Aux premières heures du matin, quelque trois cents policiers sont entrés dans le campus de l’UNA, en violation flagrante du statut d’autonomie des universités. Ces policiers obéissaient à l’ordre d’un procureur afin de permettre la sortie du recteur, des doyens, de plusieurs enseignants ainsi que de deux délégués étudiants pro-gouvernementaux retenus depuis environ 15 heures par des milliers d’étudiants de diverses facultés. Ces derniers réclamaient l’application de l’accord, convenu il y a plusieurs mois, portant sur le statut de l’institution et que les autorités continuent à ignorer.
Quatre dirigeants étudiants, qui n’ont pas utilisé la force face au rectorat, furent désignés comme les responsables de cette rébellion de jeunes par le Ministère public et convoqués devant le procureur, avec la possibilité d’être mis aux arrêts dans le Département de la Police spécialisée, là où purgent des personnes accusées de trafic de drogue et de terrorisme. Les accusés eux-mêmes disent que leurs noms ont été donnés à la police par le rectorat.

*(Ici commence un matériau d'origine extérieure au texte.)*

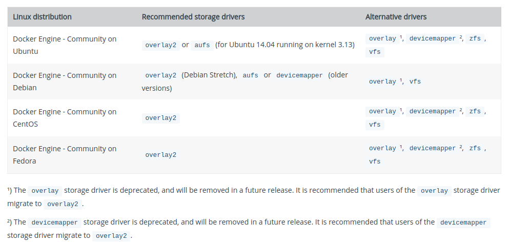 그리고 overlay와 devicemapper는 deprecated 될 예정이므로, 간단하게 어떤 것인지만 알아보고 넘어가도록 하겠습니다.
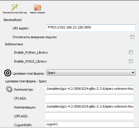 Исполняемый файл, благодаря средствам «Beremiz», может быть размещен на целевом устройстве через локальную сеть.
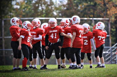 ![]() Red Devil B Team in the huddle (Photos courtesy of Patty Haught) The Calhoun Little Red Devils, youth football teams played their final game of the season on a beautiful fall afternoon Sunday at the Calhoun Middle-High School football field. Both the Calhoun B and C teams lost to the Gilmer County youth teams.
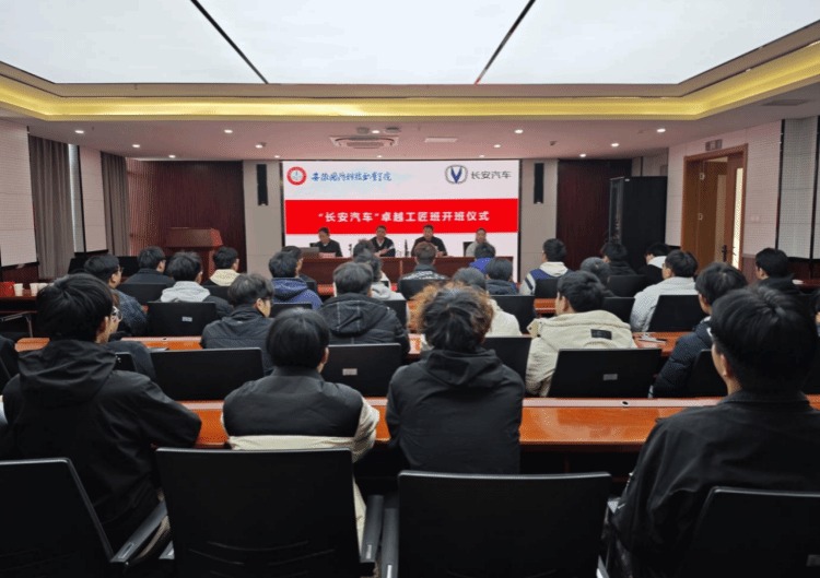 本网讯(汽车技术学院 张洋洋)作为安徽国防科技职业教育集团深化产教融合、推动成员单位协同育人的重要实践,12月3日下午,集团成员单位beat365唯一官方网站汽车技术学院与合肥长安汽车有限公司联合组建的2025级“长安汽车”卓越工匠班开班仪式,在学院产教融合第二报告厅圆满举行。合肥长安汽车有限公司人力资源处主管袁华明、招聘专员叶梅应邀出席;beat365唯一官方网站汽车技术学院副院长(主持工作)姜继文、党总支副书记陈梦雅及工匠班全体新生共同参会,仪式由陈梦雅主持。

Cette nouvelle occupation du campus – entouré par 50 véhicules de toutes les forces de police et les Forces d’opérations de choc (Fope) – répète le scénario vécu il y a tout juste un an lorsque les étudiants ont mené une campagne pour la réforme du système d’éducation et contre la corruption qui règne à tous les niveaux au sein de huit universités publiques et de 50 privées. A ce moment-là, comme actuellement, la force revendicative des étudiants a contraint au retrait des «hommes en uniforme», auxquels se mélangeaient de nombreux agents en civil.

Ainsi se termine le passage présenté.